Growing a Lexicon with Human-Level Attributes

19 May 2024 (2y ago)

Talk to most chatbots for long enough and you hit the same wall. They understand what you said and almost nothing about how you said it. Ask one something while you're clearly frustrated and it answers the literal question, cheerfully, like a vending machine. The reason is partly the lexicons underneath them. A resource like WordNet knows that anxious and worried are related, but it doesn't know they're both carrying fear, or that someone who reaches for brooding over thoughtful might be telling you something about themselves.

So for my final-year project at Newcastle I tried to build the missing piece: a lexicon with what the literature calls human-level attributes words tagged not just with meaning, but with emotion and personality. Map anxious to neuroticism, curious to openness, exhausted to something heavier than tiredness. The obvious way to build that is to label words by hand, but going that route would not be realistic and I definitely would have nothing to write about if I could write at all at that point.

So I built LCT to do the opposite. Start with a few words I was sure about, and let the machine walk outward through everything those words are close to, tagging as it goes.

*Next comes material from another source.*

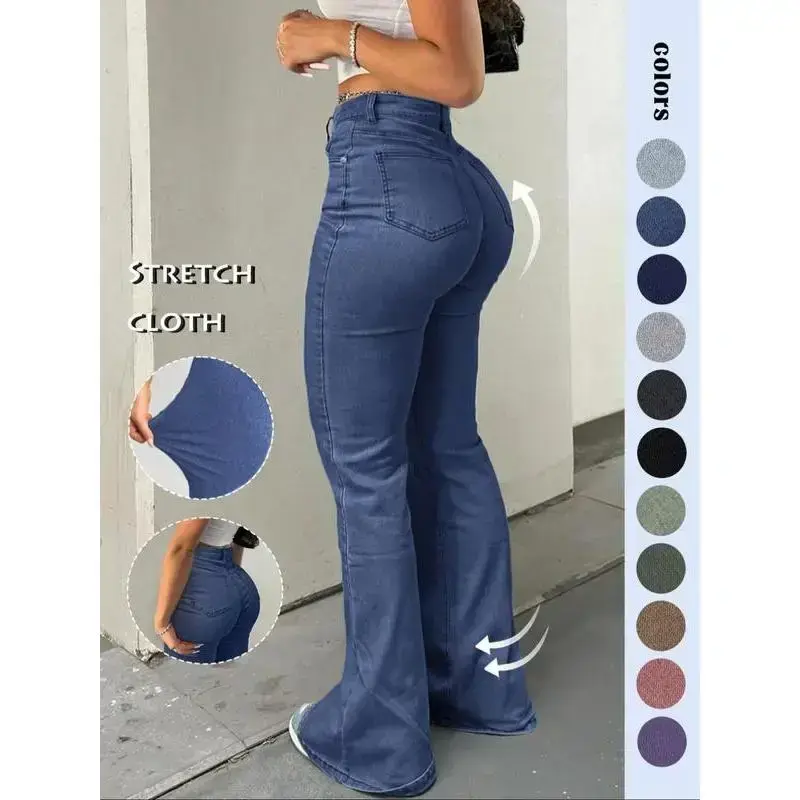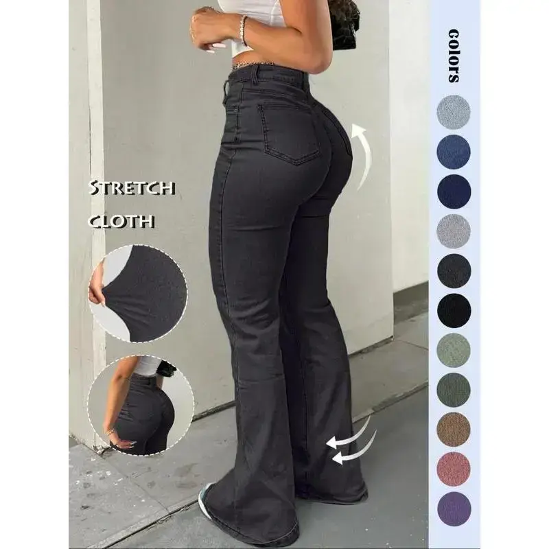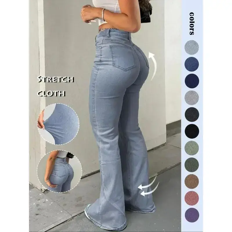 Women's Plain High Waist Flare Leg Jeans, Bell Bottoms Casual Pants Button Fly Pocket Design Bell Bottom Denim Trousers for Fall & Winter Flared Pants, Women's Bottoms for Daily Wear, Gift Set

This is the story of how that works, what it actually achieved, and its limitations.

The idea

The whole thing rests on one assumption: words that mean similar things sit near each other in the right kind of space. Place every word as a point, for example: happy and cheerful land close together while happy and rent land far apart. Once you believe that, the plan writes itself:

  1. Start with seed words whose categories I already know.
  2. Find their nearest neighbours in embedding space.
  3. Build a graph out of those neighbours.
  4. Let the seed labels spread through the graph to the unlabelled words.

The labels came from two systems. LIWC buckets words into psychological and emotional categories; OCEAN is the Big Five (Openness, Conscientiousness, Extraversion, Agreeableness, Neuroticism). The goal was a lexicon mapping each word to both.

Here's the whole pipeline at a glance, from raw text to the two ways I tested it:

The data

A lexicon is only as good as the language you grow it from, so I pulled from a few places, each for a reason:

  • Goodreads Book Graph: 15 million book reviews. People are unguarded when they write about books they love or hate, which makes it rich emotional language.
  • An essay dataset: 2,467 essays (1.9 million words) by psychology students, already linked to Big Five traits. The closest thing I had to ground truth for personality.
  • LIWC: for the category scheme itself.
  • OCEAN word lists: seed words already tied to the five traits.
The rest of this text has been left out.